Поездка наша с некоторыми приключениями — отдельный сюжет, а сейчас я лишь хочу сказать, что, проделав этот путь, я, воевавший осенью сорок второго в Калмыкии, отнюдь не в райском месте, — так что определенная точка отсчета у меня была, и уже много знавший о том, что происходило в тридцать девятом на Халхин-Голе, только после этой поездки составил себе более или менее ясное представление о том, как доставалось тем, кому пришлось тогда здесь сражаться.

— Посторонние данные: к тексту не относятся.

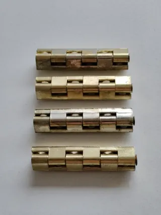 Conjunto de cuatro bisagras de latón. Herraje articulado para muebles, carpintería ligera, puertas o paneles Material: Latón.
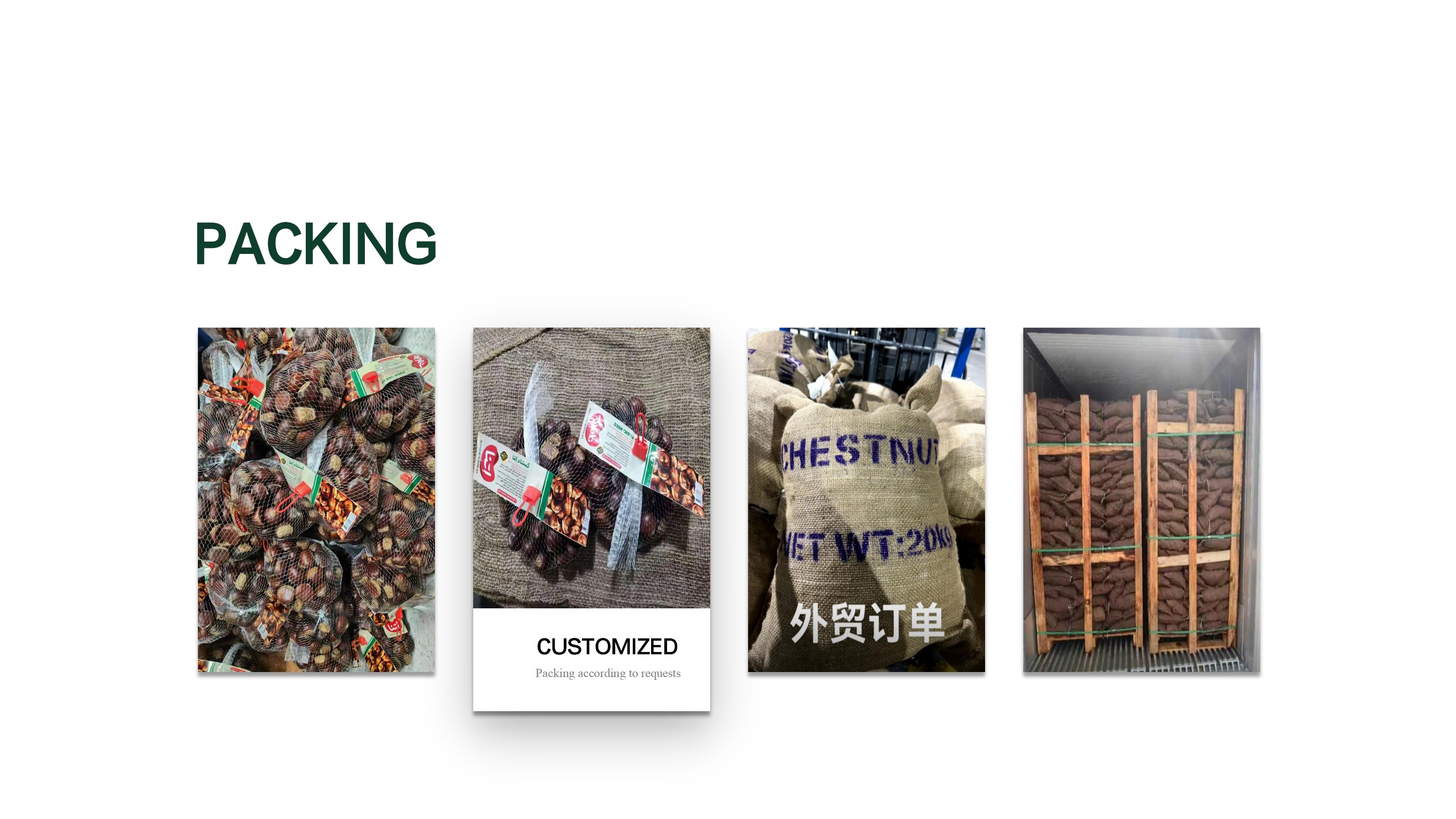 Taishan chestnut:80-100,100-130, 130–150 pcs/kg; 150–180 pcs/kg |

Назавтра мы поехали по местам боев. Следы войны не стерлись: окопы, землянки, капониры, хотя и полузасыпанные, еще были хорошо видны. Много разного железа — останки орудий, автомашин, броневиков. Места совсем безлюдные, ни одного человека мы не встретили, никто это железо не собирал, да и что с ним можно было делать, до тех мест, где оно пошло бы в переплавку, многие сотни километров — не стоило этим заниматься.
Время от времени нам попадались когда-то наспех сооруженные из того, что было под руками, обелиски братских могил — их оказалось меньше, чем я ожидал, и время их тоже не пощадило, никто за ними не присматривал, не приводил в порядок — зрелище это было горькое. Там, где сохранилось какое-то подобие надписей, я просил остановить машину, мои спутники терпеливо меня ждали. Но если там и были когда-то какие-то фамилии, сейчас уже ничего нельзя было разобрать. Даже в двух или трех местах, где фамилии погибших были выбиты гвоздем на листе жести, были уже просто дыры.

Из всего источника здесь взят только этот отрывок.